Study the Dark Triad, do not be the Dark Triad

Like any category of people, some of highly effective and some are highly ineffective. Many are highly ineffective as you described, and their better DT traits are marred by short-sightedness, hedonism, need for validation / compliance from others, financial woes, and addiction. Others are running the country, managing hedge funds, top 1%er salespeople, and so on. There's no black and white way to see this - surgeons tested highest for psychopathy out of all of the careers in one study, and it makes sense. I want someone with emotion disassociation who views my body the same way as a expert sushi chef may view a bluefin tuna - his DT trait is letting him excel at a job that would overwhelm most normal people.

I completely agree that TRP, particularly younger members, use DT as a label for the stupidest things.
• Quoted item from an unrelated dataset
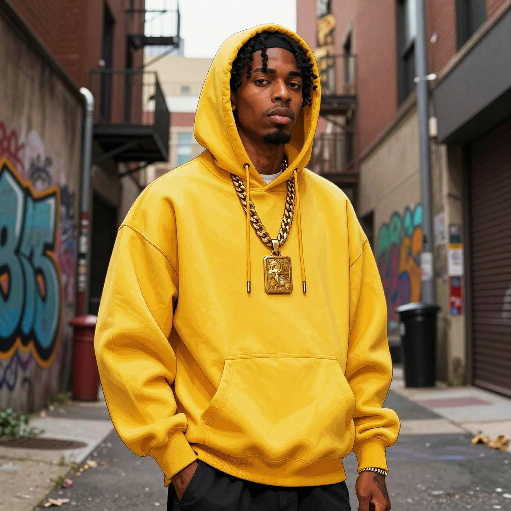 Hood custom boondocks character, urban streetwear style with oversized hoodie and gold chains, standing in a gritty city alleyway, graffiti walls, dynamic lighting, bold and expressive facial features, vibrant colors, comic book style illustration.

There is a problem with positive misconceptions of DTs, but this is also a problematic negative conception of DTs, it's just the inverse of what the other camp is doing.

It is also a reminder that DT is about a coupling of 3 traits. A psychopath isn't necessarily DT, nor is a narcissist. I know many narcissists who are highly empathetic and emotional - we call them women. All jokes aside though, there are highly manipulative people who are deeply moral and motivated by their empathy for others, not at all psychopathic. Their machiavellianism is driven and rationalized by a need to achieve something positive for the "greater good" or for some marginalized group.
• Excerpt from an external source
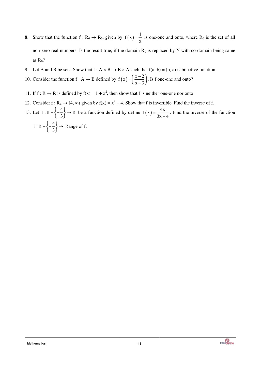 1 x 8.Show that the function f : R0 R0, given by is one-one and onto, where R0 is the set of all f x non-zero real numbers. Is the result true, if the domain R0 is replaced by N with co-domain being same as R0? 9.Let A and B be sets. Show that f : A B B A such that f(a, b) = (b, a) is bijective function x x 3 2 10.Consider the function f : A B defined by . Is f one-one and onto? f x 11.If f : R R is defined by f(x) = 1 + x2, then show that f is neither one-one nor onto 12.Consider f : R+ [4, ) given by f(x) = x2 + 4. Show that f is invertible. Find the inverse of f. 4 f :R R 3 4 f :R 3 4x be a function defined by define 13.Let . Find the inverse of the function f x 3x 4 Range of f. 18 Mathematics

TRP sees these individuals with ONE outstanding DT trait and they use it as an example of DT behavior. That's not really helping anyone develop an understanding of DT.

Not all DTs have all 3 traits in strong abundance, but most have different levels of all 3, with all present to at least a minor, but significant degree. The traits, when all present, do work well together. Psychopathy without narcissism, however, often is pretty bad as the individual does not have the self-love to improve and create himself as better than others. When you look at DTs who employ each trait in amounts that function together, they generally are very successful.